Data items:

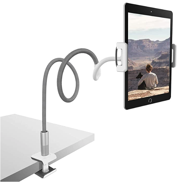 Estos brazos no están exclusivamente diseñados para los lectores de libros electrónicos, sino que comparten también su función con tabletas, consolas portátiles o teléfonos móviles. Lo importante es que el tamaño de apertura de las agarraderas permita alojar a nuestro Kindle de forma sólida y segura. Este es el caso del soporte cuello de cisne Lamicall, que cuenta con un brazo flexible de aleación de magnesio y aluminio de unos 70 centímetros de largo. Este tipo de accesorios puede resultar muy útil a personas que sufran tensiones por malas posturas en su cuello, ya que pueden contar con el mejor ángulo y distancia de visión sin ocasionar malestar ni fatiga.
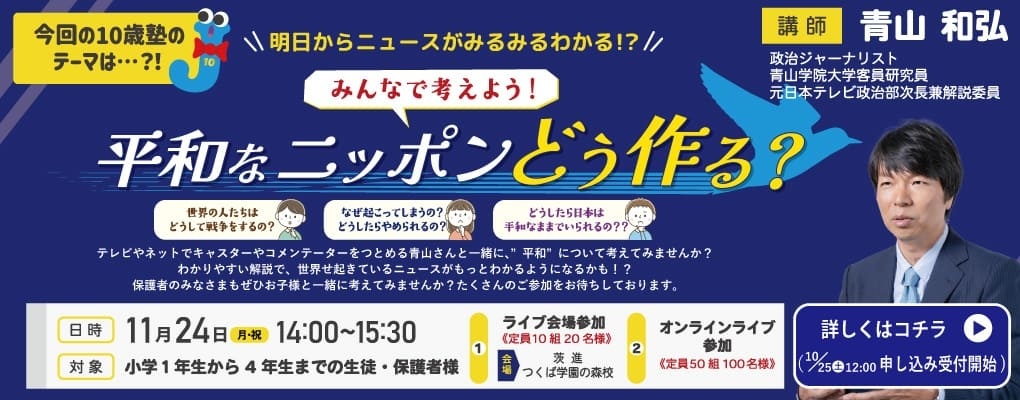 世界で起きているニュースがもっと分かりやすくなるかも⁉️ 政治ジャーナリストの #青山和弘 さんと一緒に”平和”について考えてみよう‼️ 『平和なニッポンどう作る?』 📌小1~小4生徒・保護者様 📌11/24(月祝) 📌会場:茨進つくば学園の森校/10組 オンライン参加🆗 #10歳塾 ichishin.co.jp/kyoiku/shogaku… pic.x.com/op41rX8wnn
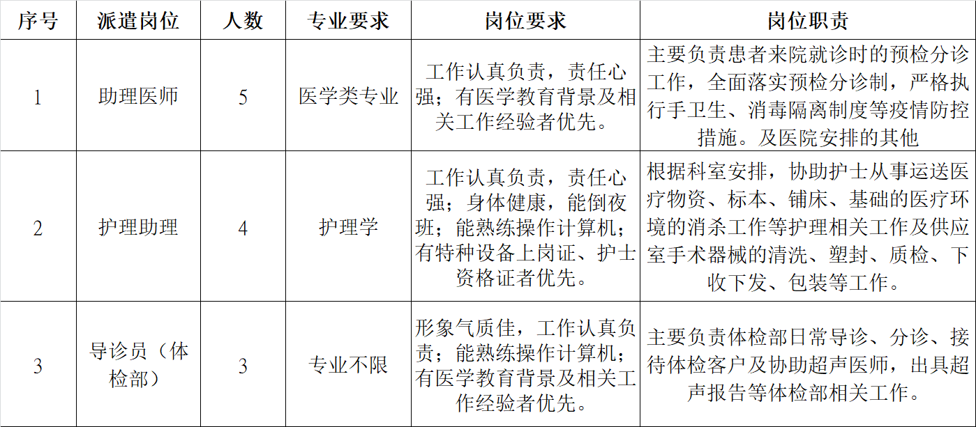 为满足山西省煤炭中心医院发展需求,根据医院工作需要,特委托山西威廉希尓指数500人力资源派遣有限公司(以下简称:“威廉希尓指数500人力资源公司”)面向社会公开招聘劳务派遣制工作人员12名,现就有关事项公告如下:
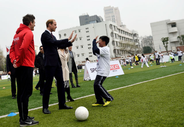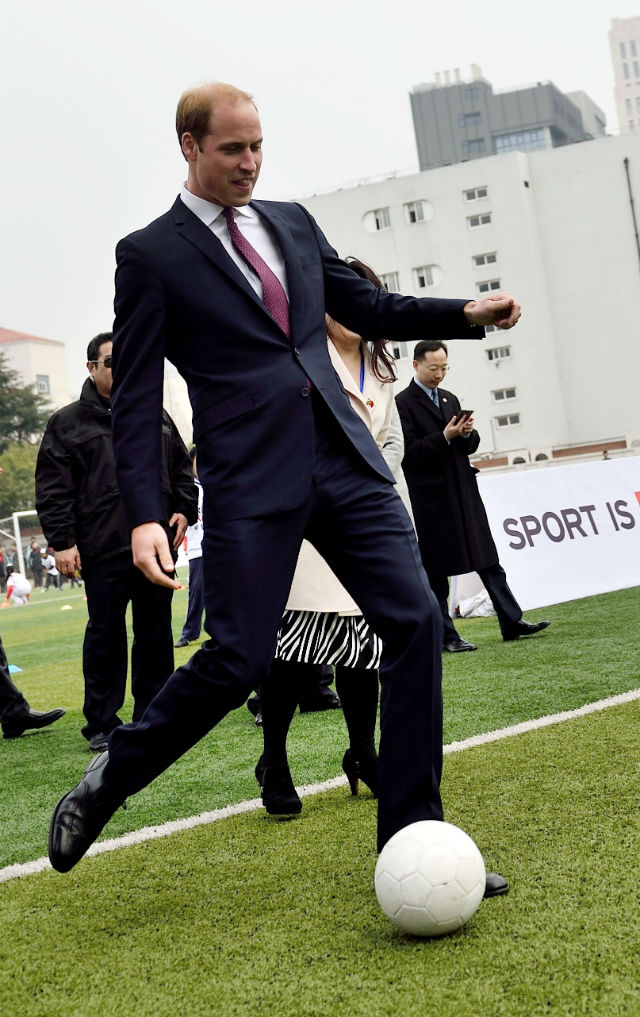 Astăzi, în timp ce se afla pe un teren de sport din Shanghai, Prinţul William nu a rezistat tentaţie unei mingi de fotbal. Şi, deşi era îmbrăcat într-un costum elegant, cu cravată şi pantofi, fiul cel mare al Prinţului Charles și al Prinţesei Diana a lovit mingea ca un fotbalist profesionit, spre surprinderea tuturor.
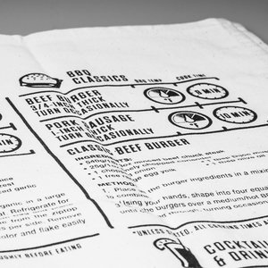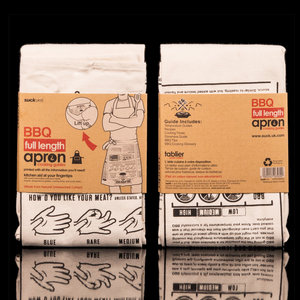 Serve your guests the perfect steak without getting greasy fingers on your cook books. We've moved the recipes to the place you're supposed to wipe your dirty hands! An apron full of useful information: cooking times for a variety of meat, fish and vegetables, BBQ tips and tricks and some summertime cocktails to get the party started. A great gift for the man who cant boil an egg but insists on taking over the BBQ.
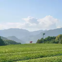 If you go up the winding road, you can see open scenery and green tea fields
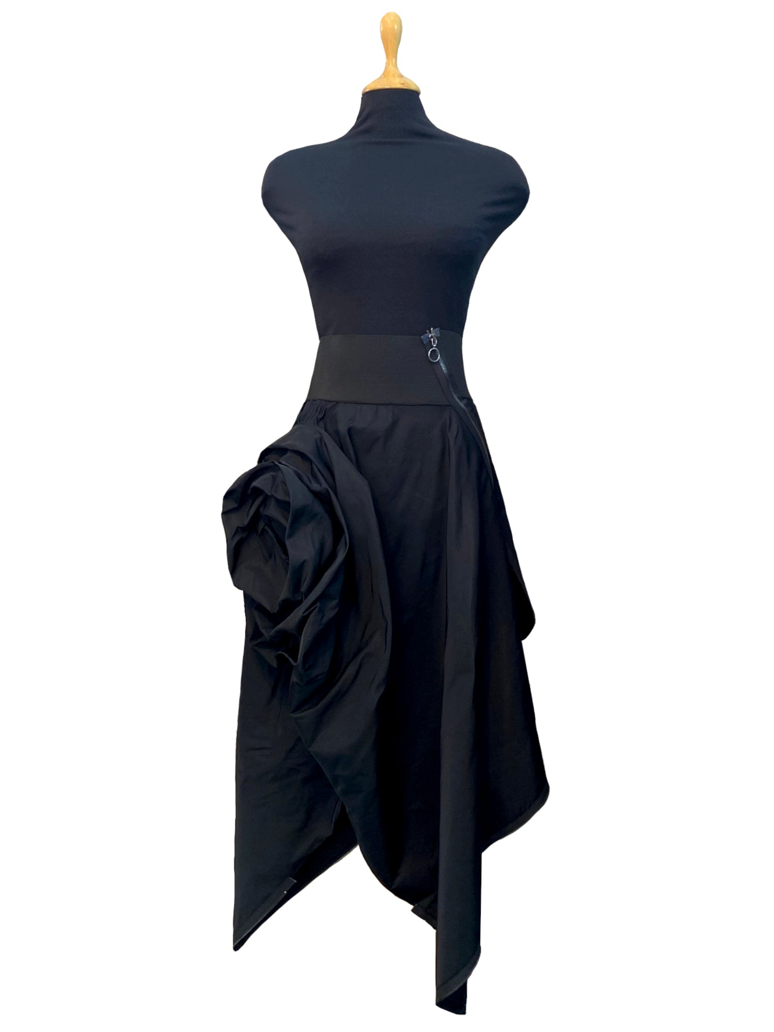 Asymmetrical black skirt with a metallic zipper. The skirt can be worn both with the zipper in front and in the back and the creative draping makes it a statement piece of any outfit.
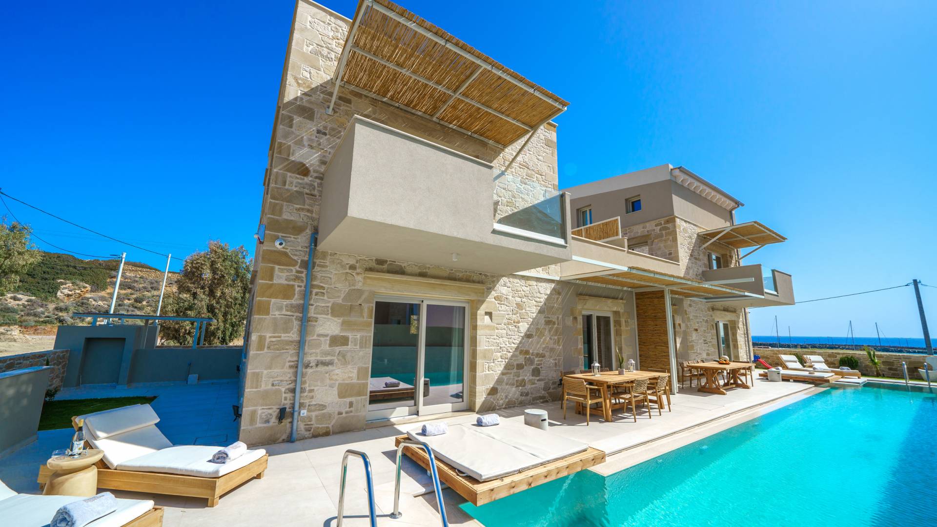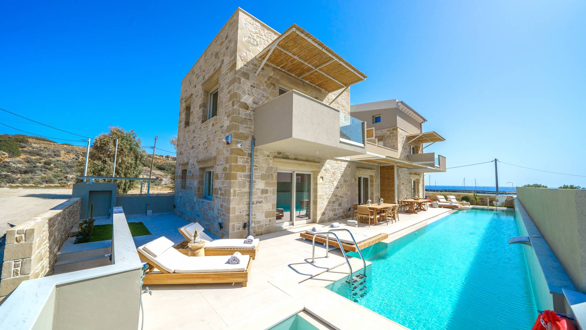 Découvrez un sanctuaire de raffinement et de détente à la Pietra di Sabbia Villa Crete à Palaiochora. Pietra di Sabbia Villa Crete est un complexe luxueusement construit de 2 villas séparées et autonomes, louez-le comme une seule. Nichées au milieu du paisible paysage crétois, nos deux villas en pierre méticuleusement conçues incarnent l'excellence architecturale et une vie opulente. Chaque villa dégage son propre charme distinctif, offrant une évasion sans précédent avec vue sur l'impressionnante mer de Libye.
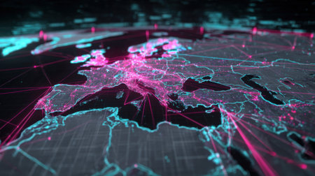 Discover a captivating digital rendering of Europe, showcasing glowing network connections and data visualization. Perfect for technology themes.
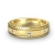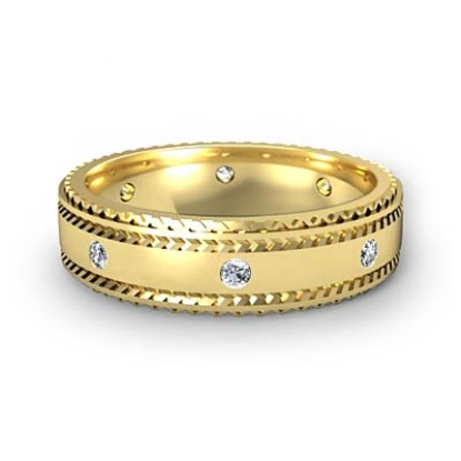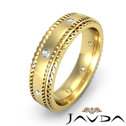 The modern diamond eternity men's wedding band crafted in 18k Gold Yellow. This band featuring polished finish and carved step edges with round cut bezel set diamonds in a center.

* Task brief:
All of the lines above should be retyped precisely, apart from the pictures.

* Response area:
 Estos brazos no están exclusivamente diseñados para los lectores de libros electrónicos, sino que comparten también su función con tabletas, consolas portátiles o teléfonos móviles. Lo importante es que el tamaño de apertura de las agarraderas permita alojar a nuestro Kindle de forma sólida y segura. Este es el caso del soporte cuello de cisne Lamicall, que cuenta con un brazo flexible de aleación de magnesio y aluminio de unos 70 centímetros de largo. Este tipo de accesorios puede resultar muy útil a personas que sufran tensiones por malas posturas en su cuello, ya que pueden contar con el mejor ángulo y distancia de visión sin ocasionar malestar ni fatiga.
 世界で起きているニュースがもっと分かりやすくなるかも⁉️ 政治ジャーナリストの #青山和弘 さんと一緒に”平和”について考えてみよう‼️ 『平和なニッポンどう作る?』 📌小1~小4生徒・保護者様 📌11/24(月祝) 📌会場:茨進つくば学園の森校/10組 オンライン参加🆗 #10歳塾 ichishin.co.jp/kyoiku/shogaku… pic.x.com/op41rX8wnn
 为满足山西省煤炭中心医院发展需求,根据医院工作需要,特委托山西威廉希尓指数500人力资源派遣有限公司(以下简称:“威廉希尓指数500人力资源公司”)面向社会公开招聘劳务派遣制工作人员12名,现就有关事项公告如下:
 Astăzi, în timp ce se afla pe un teren de sport din Shanghai, Prinţul William nu a rezistat tentaţie unei mingi de fotbal. Şi, deşi era îmbrăcat într-un costum elegant, cu cravată şi pantofi, fiul cel mare al Prinţului Charles și al Prinţesei Diana a lovit mingea ca un fotbalist profesionit, spre surprinderea tuturor.
 Serve your guests the perfect steak without getting greasy fingers on your cook books. We've moved the recipes to the place you're supposed to wipe your dirty hands! An apron full of useful information: cooking times for a variety of meat, fish and vegetables, BBQ tips and tricks and some summertime cocktails to get the party started. A great gift for the man who cant boil an egg but insists on taking over the BBQ.
 If you go up the winding road, you can see open scenery and green tea fields
 Asymmetrical black skirt with a metallic zipper. The skirt can be worn both with the zipper in front and in the back and the creative draping makes it a statement piece of any outfit.
 Découvrez un sanctuaire de raffinement et de détente à la Pietra di Sabbia Villa Crete à Palaiochora. Pietra di Sabbia Villa Crete est un complexe luxueusement construit de 2 villas séparées et autonomes, louez-le comme une seule. Nichées au milieu du paisible paysage crétois, nos deux villas en pierre méticuleusement conçues incarnent l'excellence architecturale et une vie opulente. Chaque villa dégage son propre charme distinctif, offrant une évasion sans précédent avec vue sur l'impressionnante mer de Libye.
 Discover a captivating digital rendering of Europe, showcasing glowing network connections and data visualization. Perfect for technology themes.
 The modern diamond eternity men's wedding band crafted in 18k Gold Yellow. This band featuring polished finish and carved step edges with round cut bezel set diamonds in a center.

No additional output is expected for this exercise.